By using 2:nrow, you were explicitly giving a shortened vector. When that thing is a logical vector, it must be length 1 or the same as the number of rows. Period.

Though this has its problems and I discourage its use, perhaps you were expecting it to behave like this:

input3[which(2:nrow(input3) %% 1 == 0),] <- NA

The "good" of this is that the which(...) returns a vector of integer, so it does not need to be the same length as the number of rows in the frame/table.

From ?Extract (which includes [ and friends):

      For '['-indexing only: 'i', 'j', '...' can be logical
      vectors, indicating elements/slices to select.  Such vectors
      are recycled if necessary to match the corresponding extent.
      'i', 'j', '...' can also be negative integers, indicating
      elements/slices to leave out of the selection.
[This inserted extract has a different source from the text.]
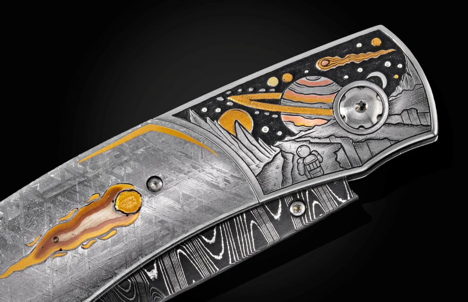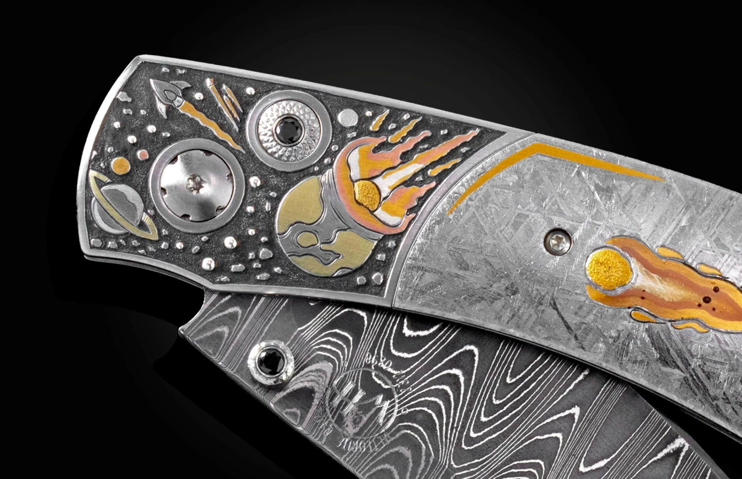 A remarkable design with a full-size secure grip and versatile deep-belly blade, the Spearpoint epitomizes William Henry’s core philosophy: superlative function deserves to be elevated to superlative art. The ‘Meteoric’ features some of the exotic materials that are the hallmark of William Henry’s collections; a timeless heirloom to be proudly worn and used for a lifetime.
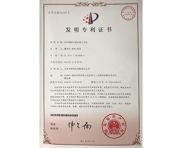 2014108038280農作(zuò)物(wù)稭稈原料加工(gōng)方法證書(發明專利)

"Recycling" is why length 1 works: its logical value is used for all rows. If you use length 2 and there are an even number of rows (e.g., mtcars[c(T,F),]), then it will give every-other-row. On a similar vein, if you assume recycling and there are not an even multiple of rows (e.g., mtcars[c(T,F,F),]), then your assumptions start becoming less clear.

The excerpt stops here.